IT Security Common Misconceptions

The IT Security industry specializes in the protection of information processed, transferred or somehow controlled on computer systems. Yet there are several aspects of computer security that are misconstrued by those who just casually interact with computers to even those in the computer profession. With a topic so broad, it’s difficult to summarize in just a few short words. We could simply inform everyone to ensure their anti-virus software is scanning for malware or be careful as to where you enter sensitive information. These are important considerations but it’s only by understanding risks of computer systems and the information collectively, that we can comprehend the challenge.

In a video blog by Intel’s CISO Malcolm Harkins, he describes a common misperception of risk when it comes to information people are willing to share to the world through social media. For me, this brought up other parts to IT Security that are also misunderstood and compels us as information security professionals to share what we can whenever possible in order to help communicate that security is everyone’s job in an organization, and important knowledge for any computer user.

One area that presents many misconceptions is computer and network security. The computing environment does play major part of the risk equation because we need to verify it has the capability to provide a level of security required for its location. But a common misconception here is that by using a firewall to block unwanted external traffic or running antivirus software, all malicious traffic or software will be prevented from entering. In addition, having all computer systems protected with the same level of security throughout the infrastructure regardless of its purpose creates a one size fits all security model that is much more costly to maintain.

Another misconception is in the area of data classification and compliance. The concepts used to evaluate risk should not be based on the type of information alone but also where it resides, who needs access to it and what technology can be used to protect it. The scenario that evaluates the data alone may give the misconception that compliance is security. Compliance by itself is not security and may lead to a false sense that security can be achieved by following a checklist. The classification of information along with how it will be accessed is an important consideration for the risk equation because it allows for an evaluation of possible threats specific to that data, but it is also equally important to consider the computing environment by which it will be protected.

Perimeters that are protected with a firewall are no longer sufficient alone against more sophisticated targeted attacks. It’s important for constant re-evaluation of the security posture for any organization because of the growing list of factors to consider for securing information stored or processed on computer systems. Expanding on the security-in-depth strategy, the White Paper titled “Rethinking Information Security to Improve Business Agility”, leading information security experts at Intel IT describe a strategy for evaluating risk based on the location of the information along with the requesting user’s location and referred to these locations as “security zones”. Some of these zones can be considered trusted based on a score that evaluates the source of the request and destination of the data. Depending on the score, even a legitimate user might end up with only limited access to data due to factors such as trust level of the user’s current location.  This new paradigm for information security is designed to meet a broad range of evolving protection requirements that include the assessment of new usage models and threats.

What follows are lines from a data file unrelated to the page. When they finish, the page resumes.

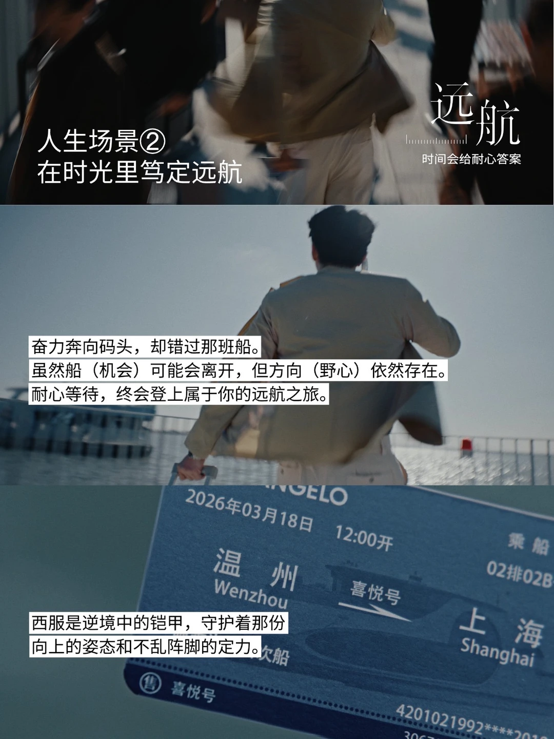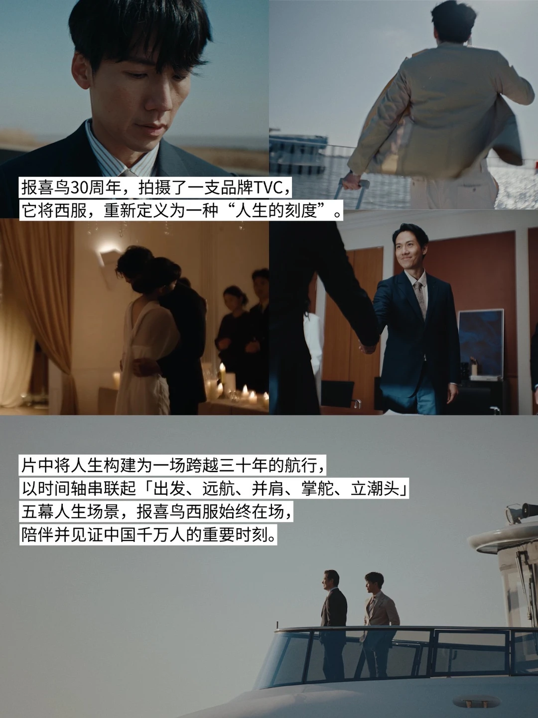 🔵片中将人生构建为一场跨越三十年的航行,以时间轴串联起出发、远航、并肩、掌舵、立潮头五幕人生场景,报喜鸟西服始终在场。西服不只是衣物,而是一种陪伴,一种见证,一个穿越山海、也穿越内心的坚定力量。
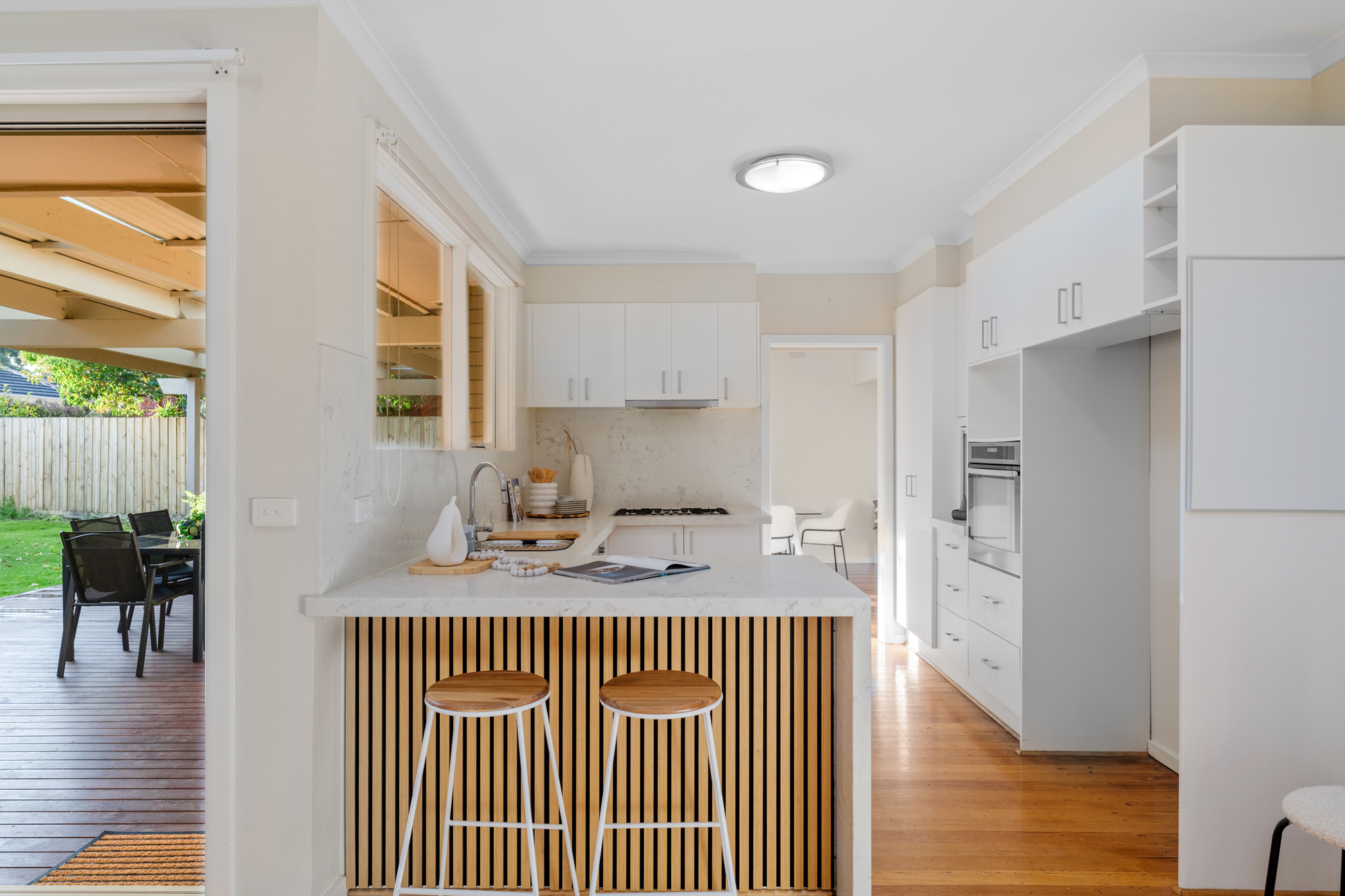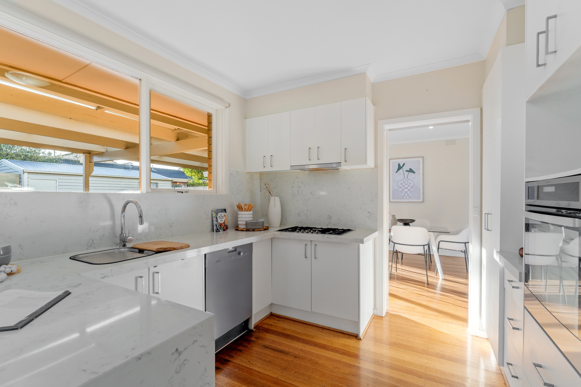 For culinary enthusiasts, the stone-renovated kitchen is a standout feature, boasting Miele appliances and ample space for meal preparation and casual dining. It connects seamlessly to the large outdoor entertaining area on the deck – ideal for hosting friends and family during those warm summer evenings.
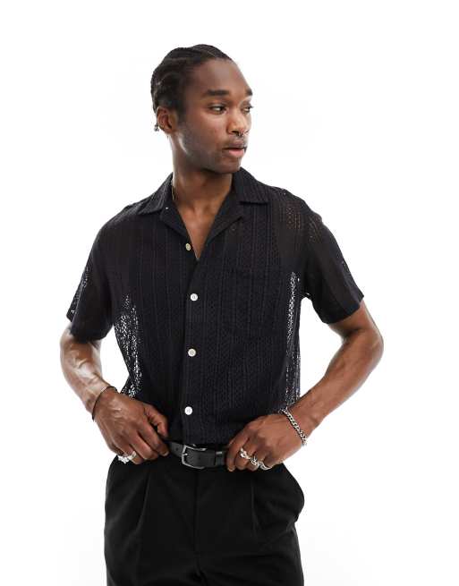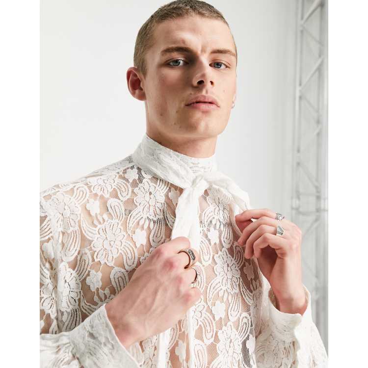 ASOS DESIGN sheer lace shirt with tie cuff detail in white Very well made.
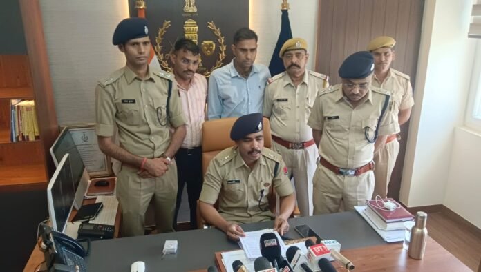 फोटो-01 जिला पुलिस अधीक्षक कार्यालय में घटना का खुलासा करते जिला पुलिस अधीक्षक व अन्य अधिकारी।

Additionally, the expectation that preventative controls such as firewalls are good enough for security; detective and corrective controls are also a very important part of an information security process as well as evaluating each for their effectiveness on an ongoing basis.

For these reasons, I believe that one of the most common misconceptions is that computer security is not a “set it and forget about it” list of security options but rather an ongoing process that evaluates risk based on both the type of information and the computing environment being used. Just as the bad guys are going through the same process to try and circumvent mitigating controls, we must continue to evaluate whether the appropriate countermeasures are in place. Information security is an ever changing challenge and the industry must constantly prepare for technology changes in order to prepare for the next wave of vulnerabilities and associated risks. The important thing is that we are now more commonly asking the questions about security implications for any new computing technology. Using cloud computing as an example; there is a greater concern about sensitive information being placed on uncontrolled or non-trusted computers systems than ever before. We can only hope that trend will continue.